Every time I asked my mother why we left she would close up. Most times she commented on how I should appreciate America instead of asking stupid questions. I was a freshman in high school when a kid in my English class asked me if Russia was “really that bad,” after our unit on Orwell’s Animal Farm. I didn’t know, so I started reading. I learned about the scarcity everyone living under the Soviet Union seemingly experienced. The paranoia. The isolation. The unknown. I filled in the gaps my mother refused to elaborate on with novels and memoirs. Even still, I couldn’t decide if becoming undocumented immigrants in the U.S. rather than citizens of Russia was worth it.
On February 24, 2022, as headlines of Russia’s invasion of Ukraine shocked the world—I recognized, without a doubt, my mother made the right choice for us.
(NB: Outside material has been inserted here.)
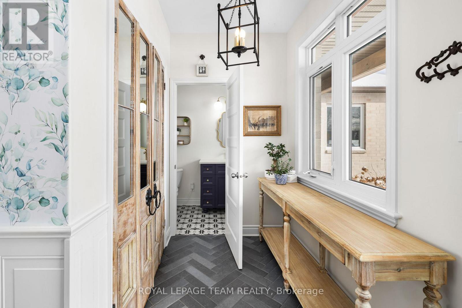 Welcome to 26 Synergy Way, an exceptional custom-built residence located in prestigious March Crest Estates. Nestled on over 2 private, treed acres in rural Kanata and backing onto open farmland, this property offers peaceful surroundings, and sweeping views of the Gatineau Hills. Built in 2018 by Grizzly Homes, this meticulously crafted home blends refined design, thoughtful functionality, and outstanding craftsmanship throughout. The main level features a bright, open-concept layout ideal for both everyday living and entertaining. A chef-inspired kitchen showcases quartz counters & backsplash, extra-tall stacked cabinetry, built-in microwave, pot filler, stainless steel appliances, and an impressive 10' x 5' island with extensive storage and seating. The dining area & vaulted great room offers designer lighting, pot lights, and a striking 12' real stone gas fireplace with reclaimed barn beam mantle. Sliding doors lead to a two-storey TREX composite deck with glass railings, perfect for enjoying panoramic views. Three bedrooms on the main level, including a stunning primary suite with vaulted ceilings, walk-in closet, and award-winning 5-piece ensuite with heated floors. A spacious mudroom/laundry area with built-ins offers convenient access to the heated triple-car garage. Wide-plank brushed white oak hardwood flooring throughout main level. The walk-out lower level includes a fully self-contained 1,600 sq.ft. in-law or nanny suite with two bedrooms, full kitchen, living room with electric fireplace, in-suite laundry, private garage entrance, access to a lower deck & park-like backyard. Additional unfinished space provides excellent storage. Extensive upgrades include an oversized paved driveway, Generlink 12,000W generator, irrigation system, landscaped gardens with mature trees & fruit plantings, firepit, shed, and meticulous ongoing maintenance. Stylish, versatile, and impeccably cared for, this one-of-a-kind home offers an extraordinary lifestyle opportunity. (id:58075)

From the revolution in 1917 to 2022, this reading list contains stories of the decision and journey to leave Russia and the sacrifices that were made along the way.
Weather of the Heart by Nora Lourie Percival
In March 2022 there was an exodus of 300,000 young adults from Russia. In September 2022, that number climbed to 800,000. Commentary on the “brain drain” effect as skilled and educated Russians flee abroad have been splashed across news articles since the beginning of the war. This “brain drain” has been happening since 1915. People have been slowly trickling out of Russia for the last century.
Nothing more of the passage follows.